A series of fixes to simplify and improve the GUP interface with an eye to
providing groundwork to future improvements:-
* __access_remote_vm() and access_remote_vm() are functionally identical,
so make the former static such that in future we can potentially change
the external-facing implementation details of this function.
* Extend is_valid_gup_args() to cover the missing FOLL_TOUCH case, and
simplify things by defining INTERNAL_GUP_FLAGS to check against.
* Adjust __get_user_pages_locked() to explicitly treat a failure to pin any
pages as an error in all circumstances other than FOLL_NOWAIT being
specified, bringing it in line with the nommu implementation of this
function.
* (With many thanks to Arnd who suggested this in the first instance)
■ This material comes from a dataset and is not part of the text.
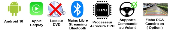 Découvrez notre Autoradio Gps entièrement tactile avec la Navigation intégrée, kit mains libres Bluetooth et streaming Audio, système d'exploitation Android 10.0, ports USB, WIFI pour la connexion internet et accès au PlayStore. L'écran tactile dispose également de la fonction Apple Carplay pour iPhone via USB. Fonction Radio numérique. Installation simple & Rapide sans aucune modification, reprise de votre faisceau d’origine.
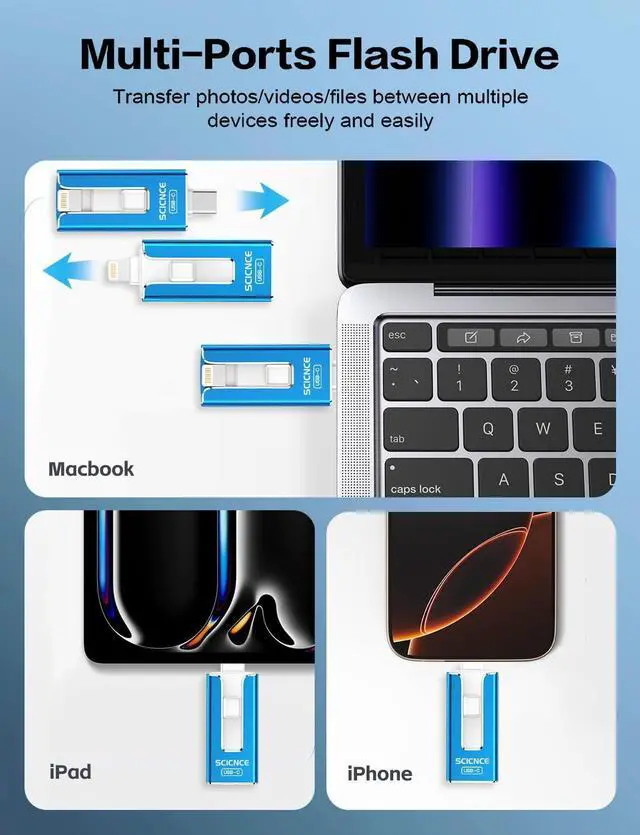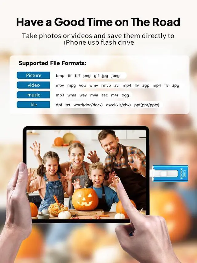 For Android smartphones: Need to open OTG function) ^^ Plug and Play, No Application Required, Instantly Increases iPhone and iPad Memory SpaceIf you almost used up all space on your iPhone or iPad, this photo stick for iPhone helps to expand your memory at full storage with 512GB. And usb memory stick for photos is also a great partner for traveling photographers editing on iPad. Using this memory device for your iPhone, iPad or Computers, no worries with the iPhone storage anymore! ^^ Watch Movies, Photos and Play Music Directly From Phone Flash DriveStore your favorite videos, audios and music on your iPhone's Photo Stick, then seamlessly plug and play on your iPhone or iPad anytime, anywhere. No more need for Internet or WiFi. This iPhone storage device plays videos in many different formats. Pictures stored on the Phone storage device also support different formats. Great way to store all your pictures and videos on an phone external storage device. ^^ High Transfer SpeedTransfer photos, videos, and files in seconds with our USB stick. With a write speed of up to 20 MB/s and a read speed of up to 30 MB/s, our flash drive for iphone have higher performance than conventional usb storage flash drive.

Update get_user_page_vma_remote() to explicitly only return a page or an
error, simplifying the interface and avoiding the questionable
IS_ERR_OR_NULL() pattern.
Lorenzo Stoakes (4):
mm: make __access_remote_vm() static
mm/gup: explicitly define and check internal GUP flags, disallow
FOLL_TOUCH
mm/gup: make failure to pin an error if FOLL_NOWAIT not specified
mm/gup: adapt get_user_page_vma_remote() to never return NULL
arch/arm64/kernel/mte.c | 4 ++--
include/linux/mm.h | 18 +++++++++++++-----
kernel/events/uprobes.c | 4 ++--
kernel/ptrace.c | 2 +-
mm/gup.c | 16 +++++++++++++---
mm/internal.h | 3 +++
mm/memory.c | 7 +++----
mm/nommu.c | 4 ++--
8 files changed, 39 insertions(+), 19 deletions(-)
--
2.42.0
access_remote_vm() passes through parameters to __access_remote_vm()
directly, so remove the __access_remote_vm() function from mm.h aand use
access_remote_vm() in the one caller that needs it (ptrace_access_vm()).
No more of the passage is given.